Въ день освященія 1-го Георгіевскаго госпиталя въ Ляоянѣ его посѣтилъ командующій арміей генералъ-адъютантъ Куропаткинъ, одобрилъ его устройство, осмотрѣлъ помѣщеніе "сестеръ", и, зайдя въ аптеку, спросилъ, во сколько времени госпиталь можетъ свернуться, въ случаѣ отступленія.
-- Въ три дня, -- отвѣтилъ аптекарь.
-- Ну, это много; столько мы вамъ, можетъ быть, и не дадимъ.

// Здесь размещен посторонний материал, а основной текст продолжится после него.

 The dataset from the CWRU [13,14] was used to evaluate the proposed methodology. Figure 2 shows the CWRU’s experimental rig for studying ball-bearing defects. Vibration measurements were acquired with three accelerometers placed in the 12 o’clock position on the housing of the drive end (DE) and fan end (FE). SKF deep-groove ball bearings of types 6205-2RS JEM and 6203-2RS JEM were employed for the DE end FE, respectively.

То было 21-го марта, сегодня 3-е мая, и мы уже отправляемъ все, безъ чего можемъ обойтись, въ Харбинъ. То, что недѣль пять, шесть тому навалъ казалось невозможнымъ, -- теперь почти стучится въ дверь. Тяжело это ужасно. Больно разстраивать то, что создавалось съ такими трудами и любовью.

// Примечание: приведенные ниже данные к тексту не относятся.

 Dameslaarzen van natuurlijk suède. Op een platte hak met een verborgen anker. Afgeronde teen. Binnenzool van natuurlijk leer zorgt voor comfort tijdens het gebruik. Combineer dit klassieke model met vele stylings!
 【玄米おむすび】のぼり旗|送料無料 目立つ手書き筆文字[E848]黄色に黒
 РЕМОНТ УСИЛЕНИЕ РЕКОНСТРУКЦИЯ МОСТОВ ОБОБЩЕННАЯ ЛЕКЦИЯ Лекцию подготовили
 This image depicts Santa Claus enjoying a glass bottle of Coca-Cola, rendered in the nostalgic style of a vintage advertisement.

Цѣлая цѣпь нашихъ краснокрестныхъ этапныхъ лазаретовъ между Ляояномъ и передовыми частями: Сяолинцзы, Ляндясянь, Хоянъ, Лян-шань-гуань, должны быть ликвидированы. Поддерживаютъ только мысль о солдатѣ, которому отступленіе должно быть еще неизмѣримо тягостнѣе, и вѣра въ Куропаткина, который, конечно, знаетъ, что дѣлаетъ. Какую выдержку нужно имѣть, чтобы при настоящихъ условіяхъ неуклонно вести дѣло вопреки окружающему нервному настроенію, только подчиняясь точнымъ соображеніямъ и благоразумію! Простое, симпатичное отношеніе Куропаткина къ людямъ еще увеличиваетъ его обаяніе. Меня онъ однажды привелъ въ такой восторгъ, что я въ тотъ же день хотѣлъ написать тебѣ цѣлое письмо, посвященное ему, -- но, конечно, не поспѣлъ.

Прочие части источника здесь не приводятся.